Many originated in or moved to Surry County, Virginia, where their deeds, marriage bonds, and wills were recorded in the seventeenth and eighteenth century. They were the Banks, Blizzard, Byrd, Charity, Chavis, Cornish, Debrix, Jeffreys, Kersey, Peters, Scott, Sweat, Tann, Valentine, Walden, and Wilson families. Descriptions in the Surry County, Virginia, "Registry of Free Negroes" in the late 18th and early 19th century read:

Armstead Peters a Mulatoe man, ...aged about 56 years, born free of a yellowish complexion... (6 October 1794).

James Williams a Mulatto man, pretty dark complexion, born of free parents residents of this county, 35 years old ... (11 May 1797).

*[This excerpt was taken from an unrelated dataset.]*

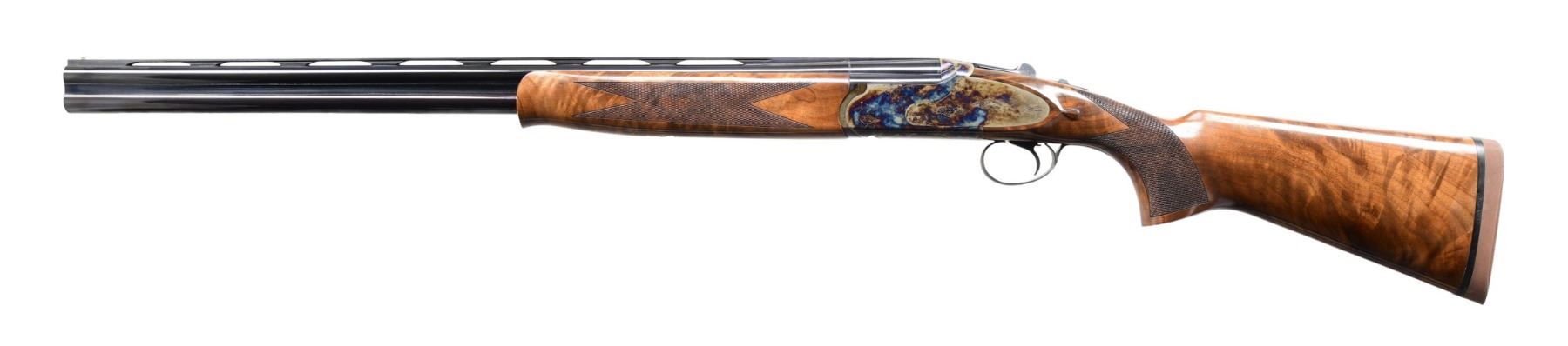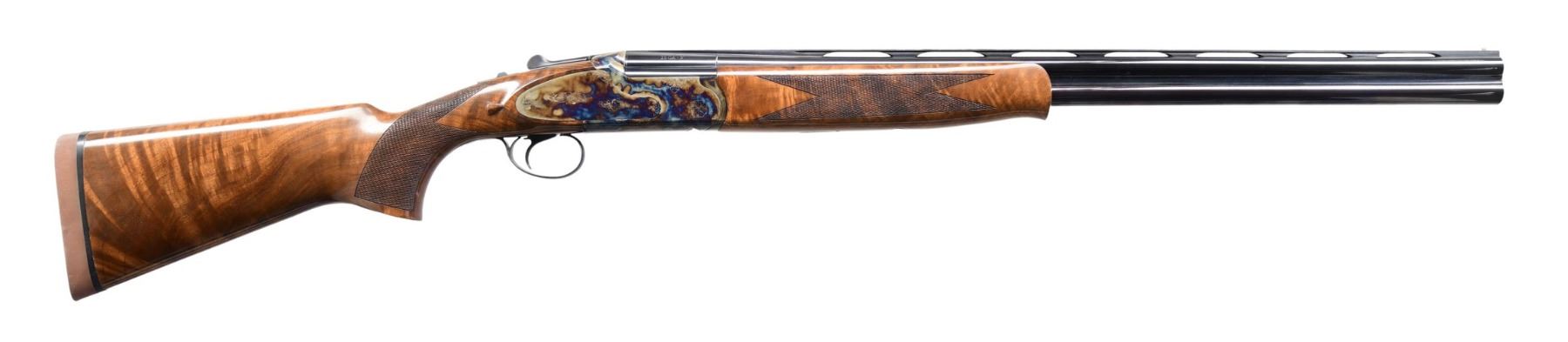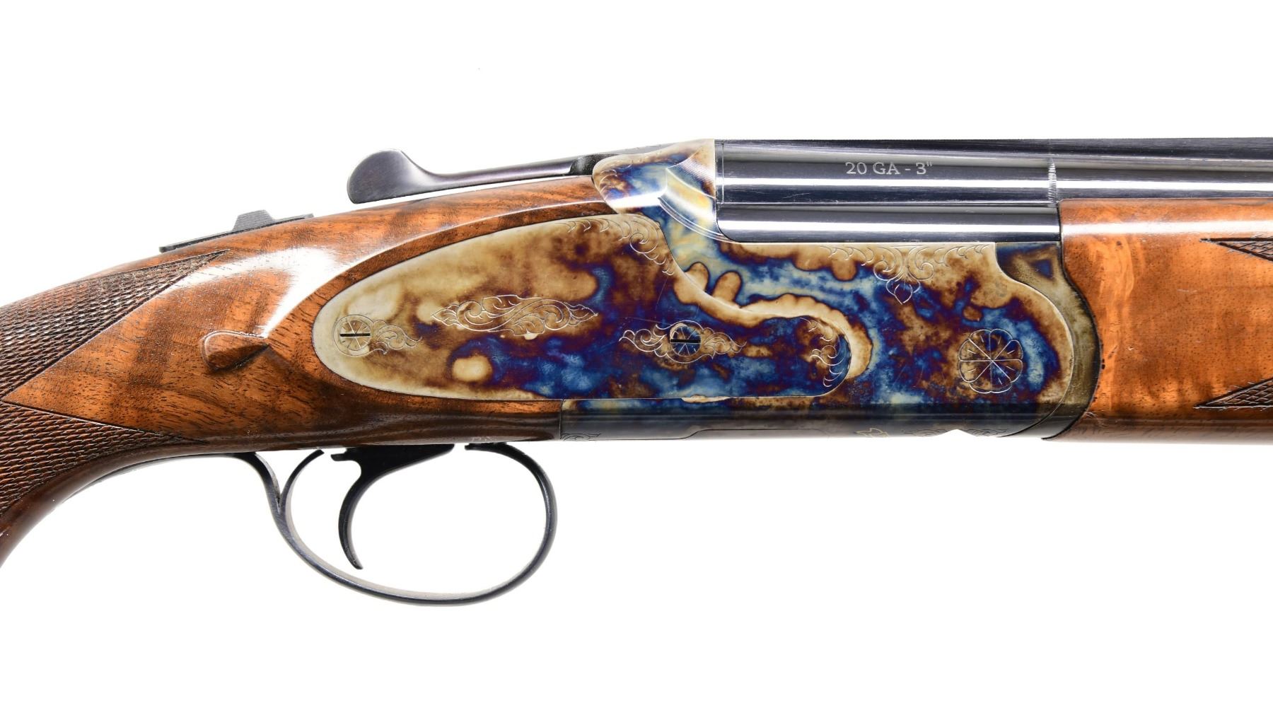 O/U SHOTGUN. Cal. 20 Ga., 3". S# TRS0207. Imported by Dickinson Arms Co. of Moonpark, CA from Turkey. The VR 28" Barrels has brass bead & fitted for interchangeable chokes. Bone charcoal case hardened sideplate action with SST, ejectors & auto-safety. Checkered Turkish Walnut stock set; schnabel tip forearm & pistol grip buttstock w/ tear drops behind locks. LOP: 14.25" to Decelerator pad. CONDITION: near excellent wood & metal finish; bright shiny bore with light residue near choke tubes. (24-3167/MD). MODERN. $800-1,200.
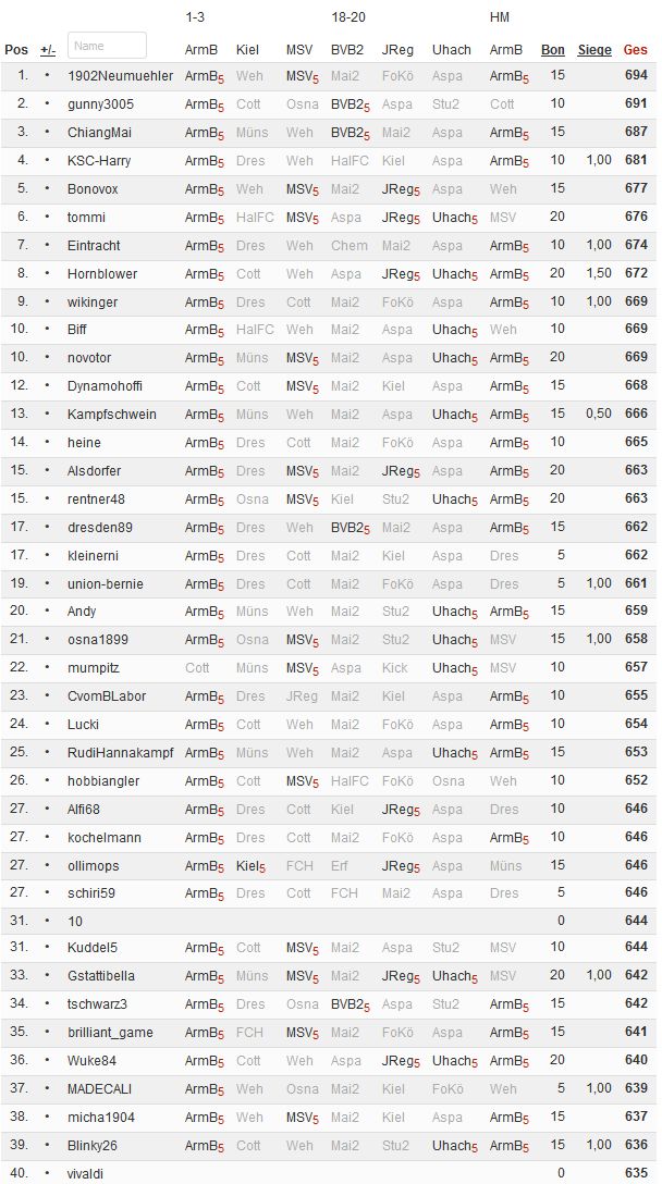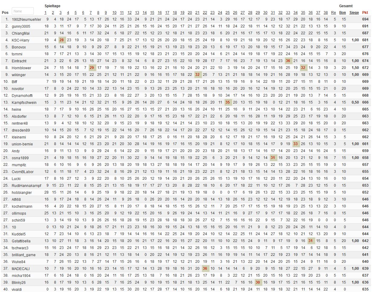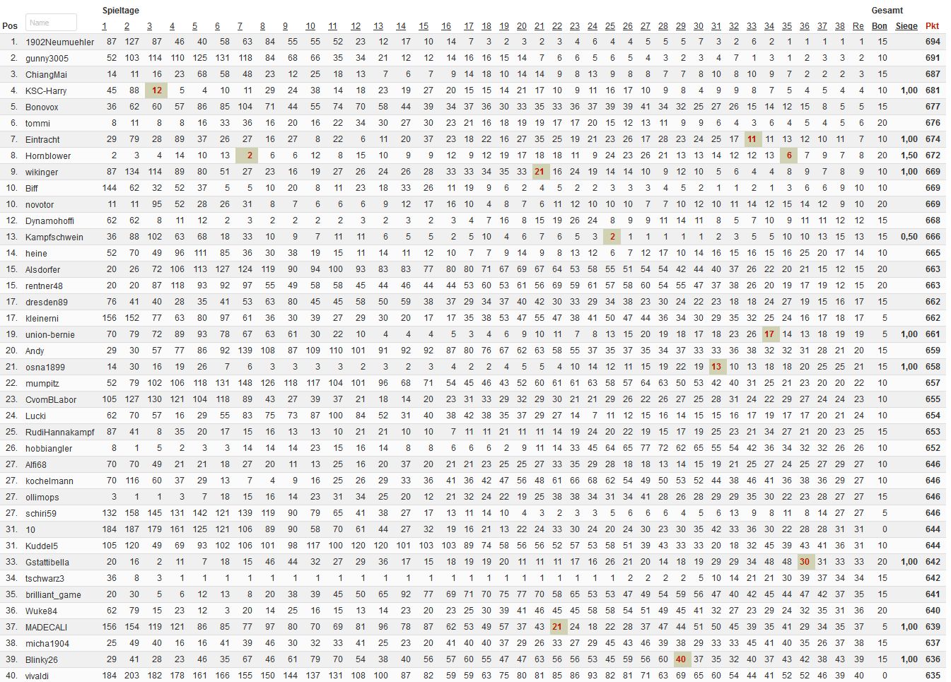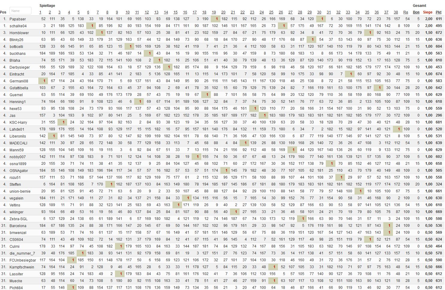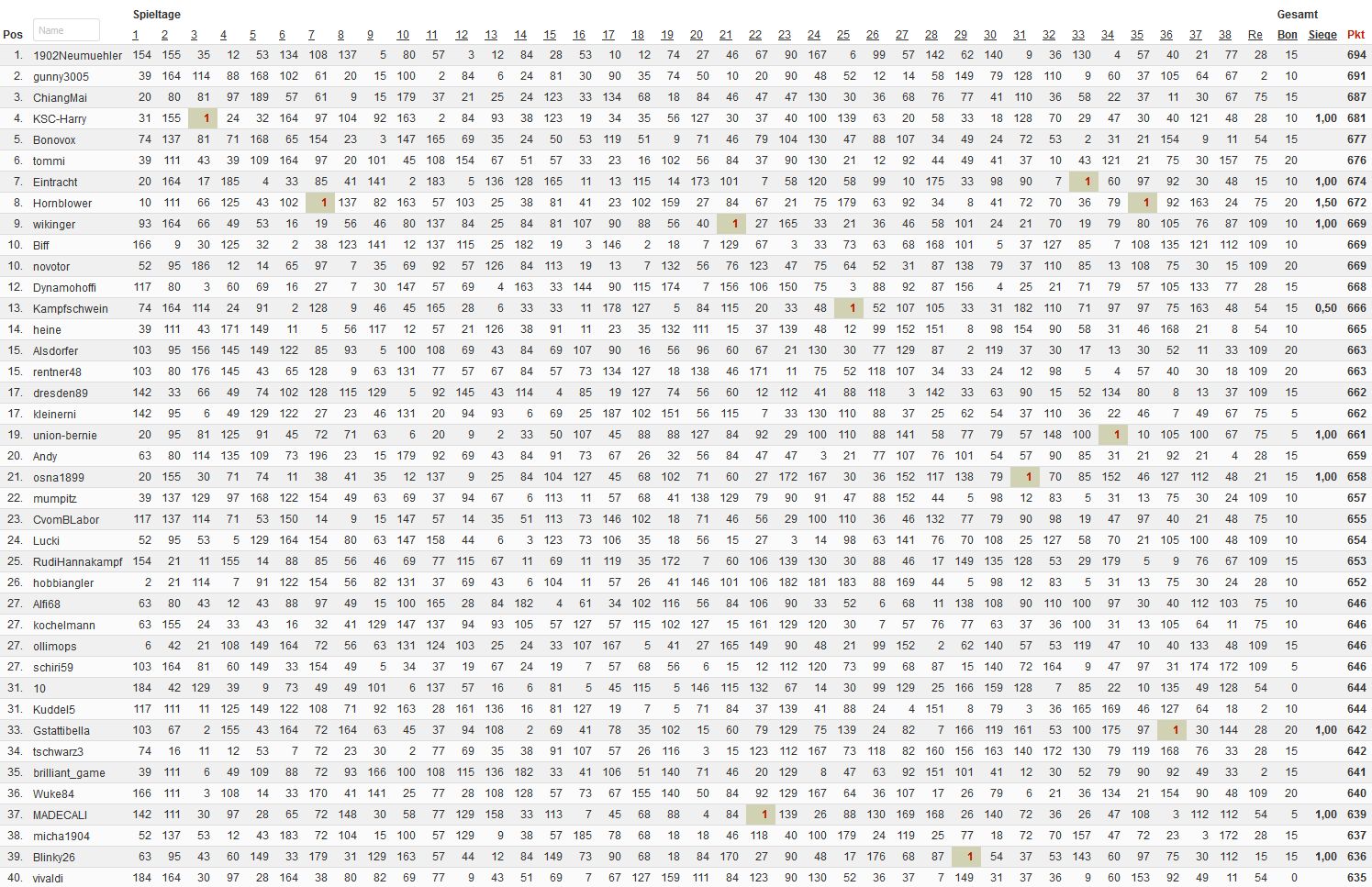 Spieltagplatzierungen (Platzierung nach Siegpunkten)

Joseph Byrd son of Joseph and Nelly Byrd free Mulatto persons & residents of this county 20 years old, 5'5" high, bright complexion, short thick hair, straight & well made (27 September 1798).

William Tan, a mulatto man and son of Jemima Tan, a white woman late of this county. He is of bright complexion, has straight black hair, pretty stout and straight made, aged 21 last September (3 December 1801) [Back of Guardian Accounty Book 1783-1804, nos. 1, 21, 35, 136].

Many baptized their children in Bruton and Middleton Parishes, James City and Charles City Counties between 1744 and 1767. They were the Allways, Armfield, Ashby, Banks, Bartley, Chavis, Cooper, Flowers, Freeman, Gillett, Grimes, Jameson, Jones, Lewis, Maclin, Peters, Redcross, Roberts, Rosarios, Tann, Wallace, and Williams families who came from as far away as Southampton County [Bruton Parish Register, 4-35].

Ester Gouin was among nine free "Negroes and Molattoes" who came by boat to Norfolk County from Maryland in August 1692 [Norfolk DB 5, pt.2, 265].

Since so many free African Americans were light-skinned, many observers assume that they were the offspring of white slave owners who took advantage of their female slaves. Only one of more than 280 families in this history was proven to descend from a white slave owner. Jean Lovina, the slave of John Nichols was probably his mistress since he called her his "Negro Woman" and her children "my two Molattos" when he gave them their freedom and left them 350 acres by his 11 November 1696 Norfolk County will [6:fol.96, in McIntosh, Lower Norfolk County Wills, 161-162].Note 8

North Carolina

Several free African Americans voted in the North Carolina General Assembly elections in 1701 [Saunders, Colonial Records, I:903]. Jack Braveboy, was living in Chowan County before 17 July 1716 when he was presented by the court:
a negro, Coming into this Government with a woman and do live together as man and wife, it is ordered that the sd. Braveboy produce a Sufficient Certificate of their Marryage [Hoffman, Chowan Precinct North Carolina 1696 to 1723, 224].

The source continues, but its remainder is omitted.